Пока однажды рядом с ней не села девочка в огромной шляпе.
Николь увидела её не сразу. Сначала услышала — вернее, заметила, как пространство рядом перестало быть пустым. Это был старый лесной склон, мягкий от хвои и мха, с корнями, похожими на жилы земли. Николь как раз вынимала из воздуха ещё один пузырь воспоминания, когда на траву рядом опустился кто-то совершенно несоразмерно живой, шумный и, по всем признакам, слишком молодой, чтобы сидеть рядом с чужой скорбью так естественно.
Девочка достала печенье. Потом напиток. Потом ещё печенье.
И только после этого повернула к Николь лицо с тем беззастенчивым интересом, каким смотрят не на чудовище и не на реликвию, а на невероятно удачную находку.
Николь не стала первой вкладывать мысль в чужое сознание. Ей вдруг не захотелось нарушать это странное, почти дерзкое молчаливое соседство. Девочка же, по всей видимости, совершенно не страдала от отсутствия ответа. Она слушала одну историю за другой — о лунах, о городах, о пламени, о тех, кто когда-то ступал между небом и землёй, — и чем дальше, тем меньше в её лице оставалось благоговения и тем больше появлялось того самого сияния, которое обычно предшествует очередной гениальной, ужасной, блестящей идее.
Наконец она сказала:
— Так это всё правда?
Николь посмотрела на неё.
Девочка радостно хлопнула ладонью по колену, как будто подтвердилась особенно удачная догадка.
— Тогда замечательно. Я ведьма, ты ангел. Звучит как начало чего-нибудь очень интересного.
Это было настолько бессовестно и нелепо, что в другой жизни Николь, возможно, рассмеялась бы.
Вместо этого в сознание девочки мягко вошла её мысль — лёгкая, почти сухая, с привычной осторожностью того, кто давно разучился говорить вслух:
— Ты не производишь впечатления человека, которого пугают дурные начала.
Девочка просияла так, будто получила редчайшее благословение.
— Вот именно! — сказала она. — Значит, мы подходим друг другу.
Потом протянула руку.
Николь увидела в этой руке всё, чего боялась: будущее, привязанность, живую непредсказуемость, возможность снова оказаться рядом с тем, что однажды можно будет потерять.
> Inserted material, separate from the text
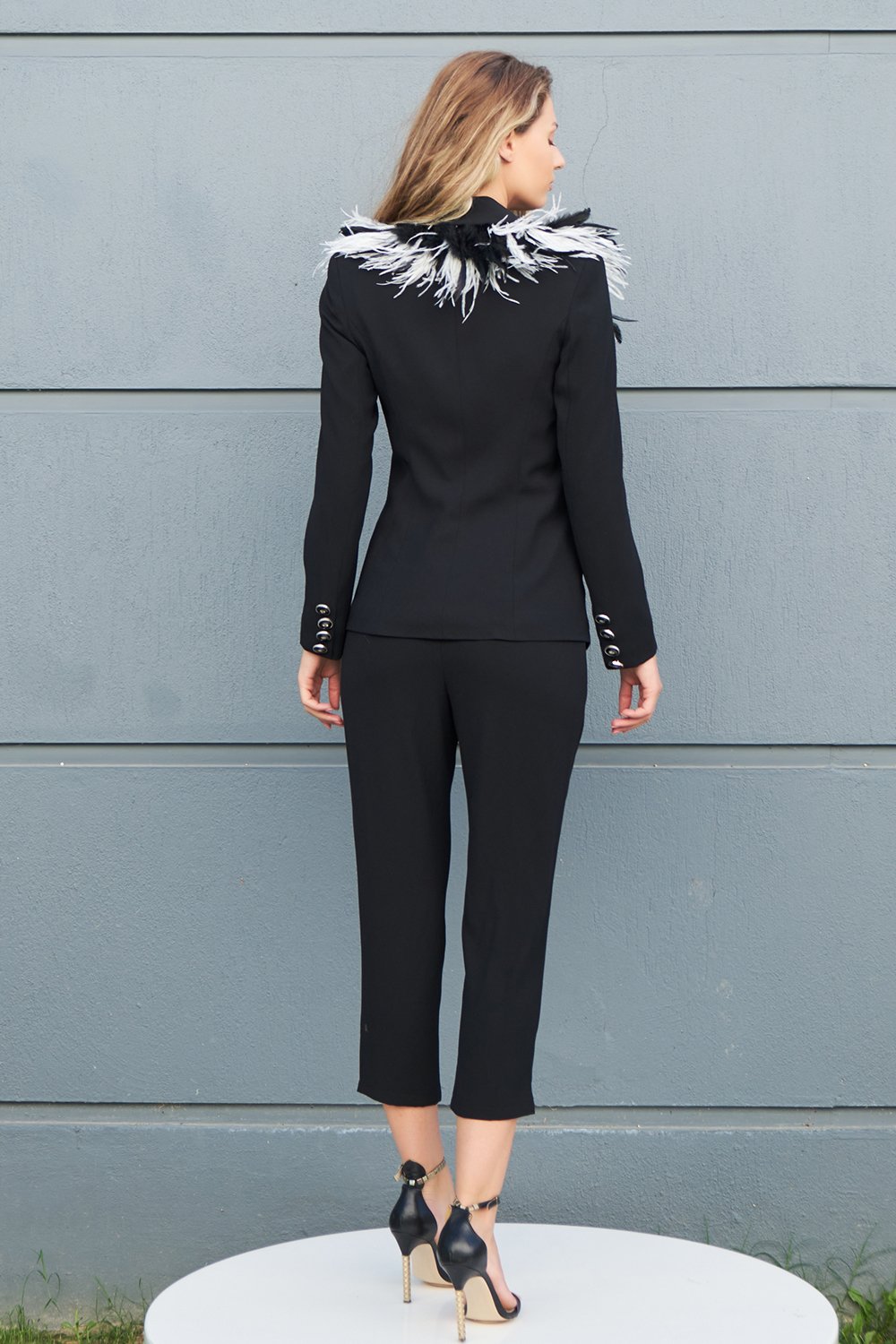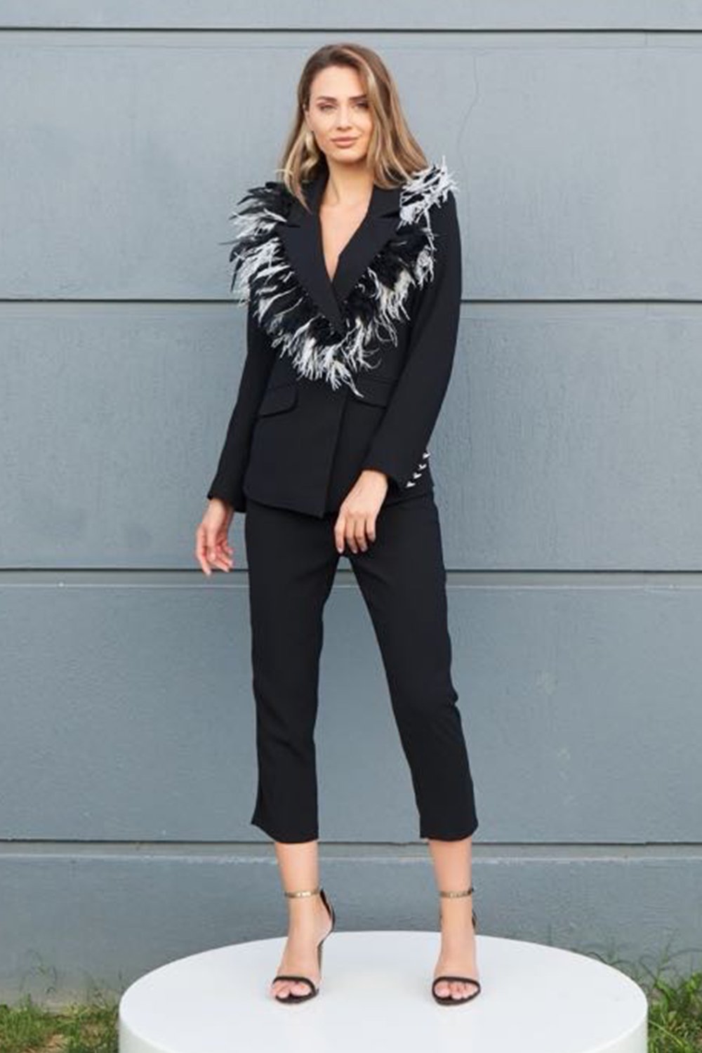 Otriş detaylı standart düz kesimli siyah ceket ve yüksek bel pantolon takım . Düz , bol kesime sahip bu ceketin, yaka etrafı siyah beyaz otriş tüyler ile çevrili , yanlarında cepleri mevcuttur . Pantolon, yüksek bel kesimli ve kumaş tokalı kemerlidir . Bu model takım olarak satılmaktadır . Mat bir dokuya sahip polyester kumaştan üretilmiştir . Pantolon boyu Görseldeki manken uzun olduğu için kısa oldukça kalmıştır . Standart boy bayanlar için üretilmiştir

В её памяти слишком быстро всплыли маленькие огни над пустыми постаментами; она почти физически почувствовала, как небесный закон, давно уже рассыпанный в прах, всё ещё скребёт по старым ранам.
И всё же рука оставалась протянутой.
Не благоговейно. Не жалостливо. Не как к руине, которую нужно бережно обойти, а как к равной.
Николь не взяла её сразу, но и не ушла.
А девочка, совершенно не смущаясь этой паузой, просто вложила ей в ладонь последнюю конфету, словно речь шла не о великом решении, а о чём-то само собой разумеющемся.
В тот миг Николь с неожиданной ясностью подумала, что, вероятно, скорбь не заканчивается никогда. Она не исцеляется, не отпускает и не становится красивее от расстояния. Она только меняет вес и способ ношения. Но, может быть, однажды рядом появится кто-то достаточно бесстыдно живой, чтобы сесть возле неё, доесть своё печенье, выслушать все её бесконечные «давным-давно» — и всё равно после этого предложить не гробницу, не молитву и не забвение, а общество.
Это не делало мир добрее. Не возвращало голос. Не поднимало упавшие луны. Не собирало обратно её народ.
Но впервые за много столетий Николь позволила себе мысль, что история, которую она носила в себе, возможно, всё-таки сможет начаться не с катастрофы.
А с того, что кто-то останется слушать.